> _WORK INSTRUCTION_
Copy nothing but the lines from the one containing "11月21日,中國大唐集團有" through the last line of the records, repeated exactly and without pictures.

> _SUPPLIED DATA_
────────────────────
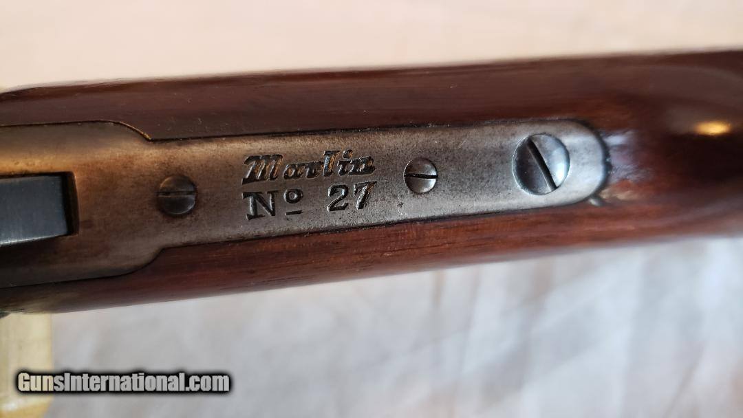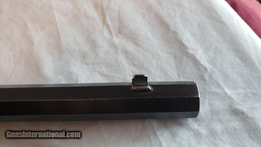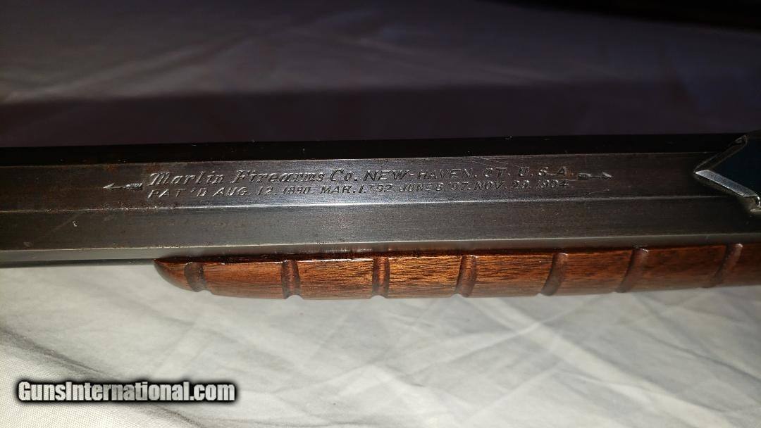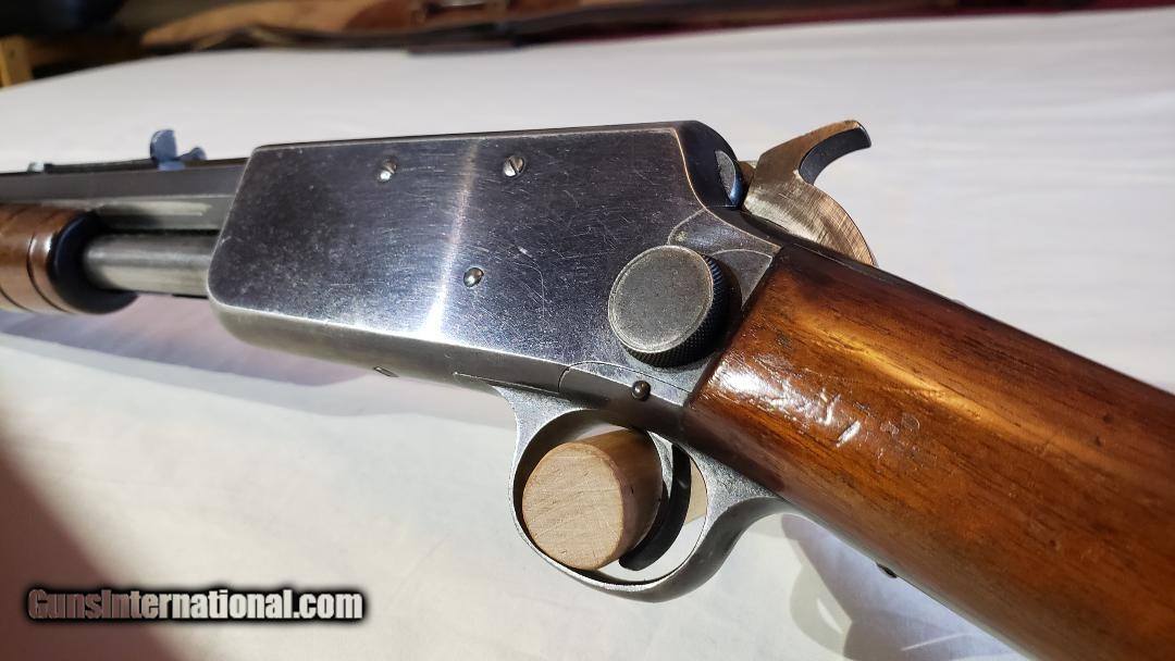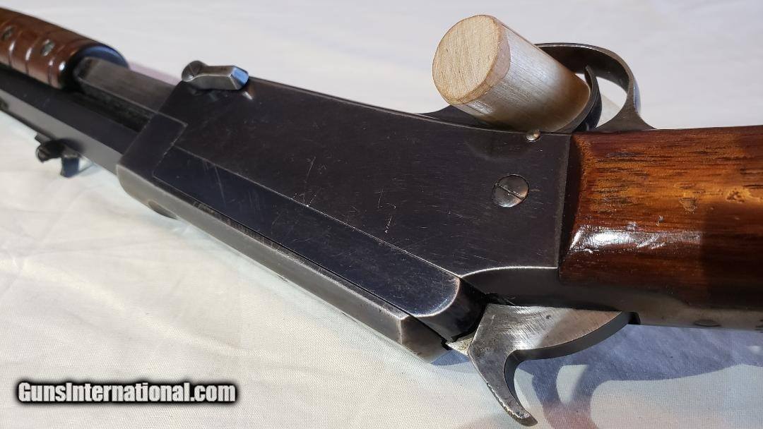Description: This is an excellent example of the scarce model no. 27 in 25-20 center fire slide action. The model 27 without the S, suffix which means it does not have the de-cocking slide button on the right side of the receiver. Blue Book states it was built in 1910-1911 only, while the Standard Catalog states 1910-1916. The 24 inch octagon barrel has a VG to Exc. bore, with the correct and original sight package. Factory blue rates a strong 85-90% overall, with loss at the top tang from normal carrying. Wood stock is in great shape as well, showing only minor handling marks to the original finish. Forend appears refinished at some time. All metal to wood fits nicely, with no cracks and only minor imperfections. Crecent butt plate is correct and original. This is about as fine and original example as you could hope to encounter. Lower 48 states only. Payment by Postal Money Order. Add $45.00 shipping and insurance. SOLD Manufacturer: Marlin Model: no. 27 Serial Number: None Caliber Info: 25-20 |
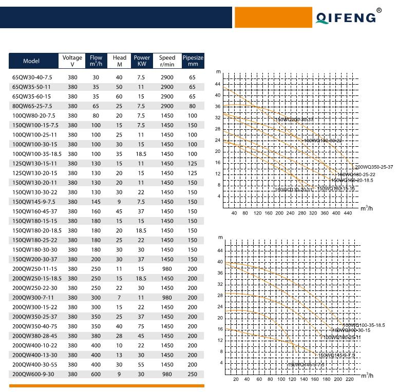 * Chi tiết kỹ thuật Máy bơm nước thải Qifeng 150QW130-15-11
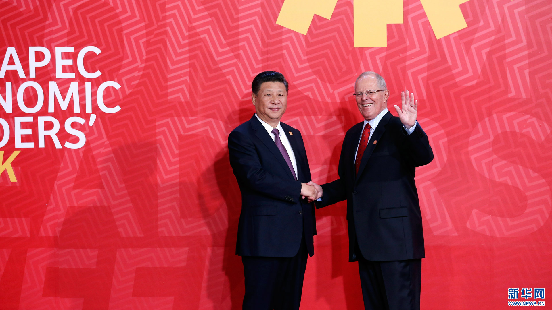 11月20日,亞太經合組織第二十四次領導人非正式會議在秘魯利馬舉行。國家主席習近平出席并發表題為《面向未來開拓進取促進亞太發展繁榮》的重要講話。這是會議開始前,習近平受到秘魯總統庫琴斯基的熱情迎接。 新華社記者 龐興雷 攝2016-11-21
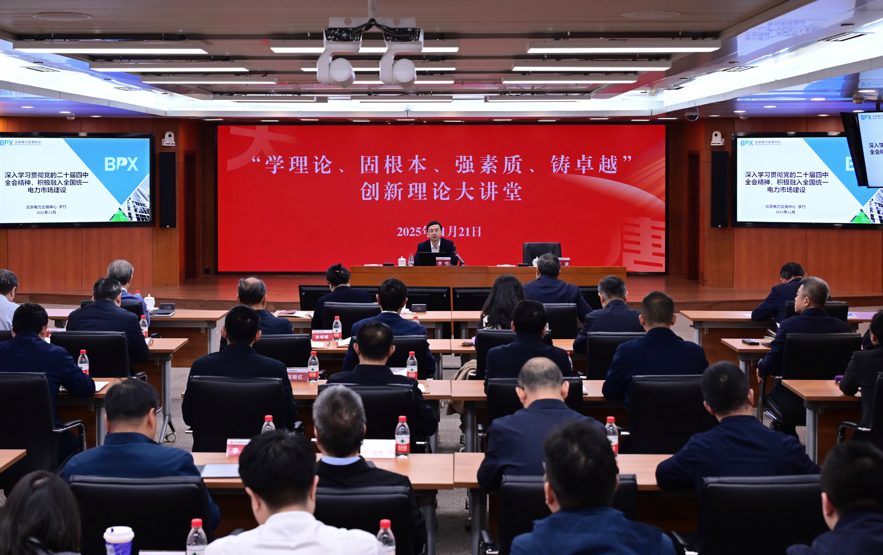 11月21日,中國大唐集團有限公司“學理論、固根本、強素質、鑄卓越”創新理論大講堂再度開講,邀請北京電力交易中心有限公司副總經理、能源行業電力市場技術標準委員會副主任委員李竹作《深入學習貫徹黨的二十屆四中全會精神,積極融入全國統一電力市場建設》專題講座。集團公司董事、黨組副書記余波主持講座,集團公司領導王瑛、曲波、陶云鵬、茍偉參加講座。
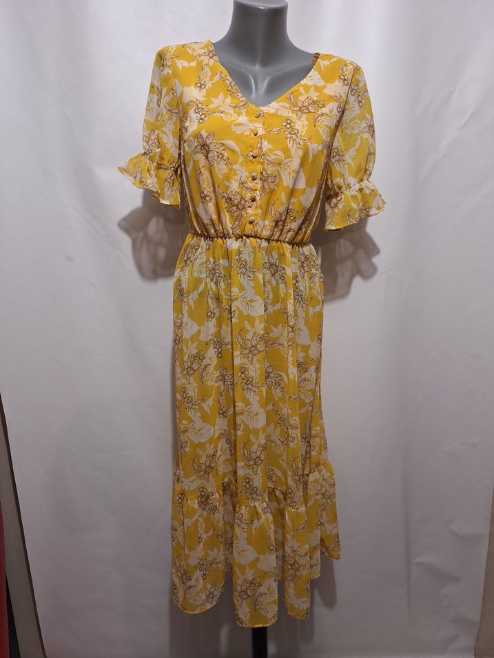 Sarı Bohem Uzun Elbise, Düğmeli, V Yaka
────────────────────
> _YOUR RESPONSE_
 11月21日,中國大唐集團有限公司“學理論、固根本、強素質、鑄卓越”創新理論大講堂再度開講,邀請北京電力交易中心有限公司副總經理、能源行業電力市場技術標準委員會副主任委員李竹作《深入學習貫徹黨的二十屆四中全會精神,積極融入全國統一電力市場建設》專題講座。集團公司董事、黨組副書記余波主持講座,集團公司領導王瑛、曲波、陶云鵬、茍偉參加講座。
 Sarı Bohem Uzun Elbise, Düğmeli, V Yaka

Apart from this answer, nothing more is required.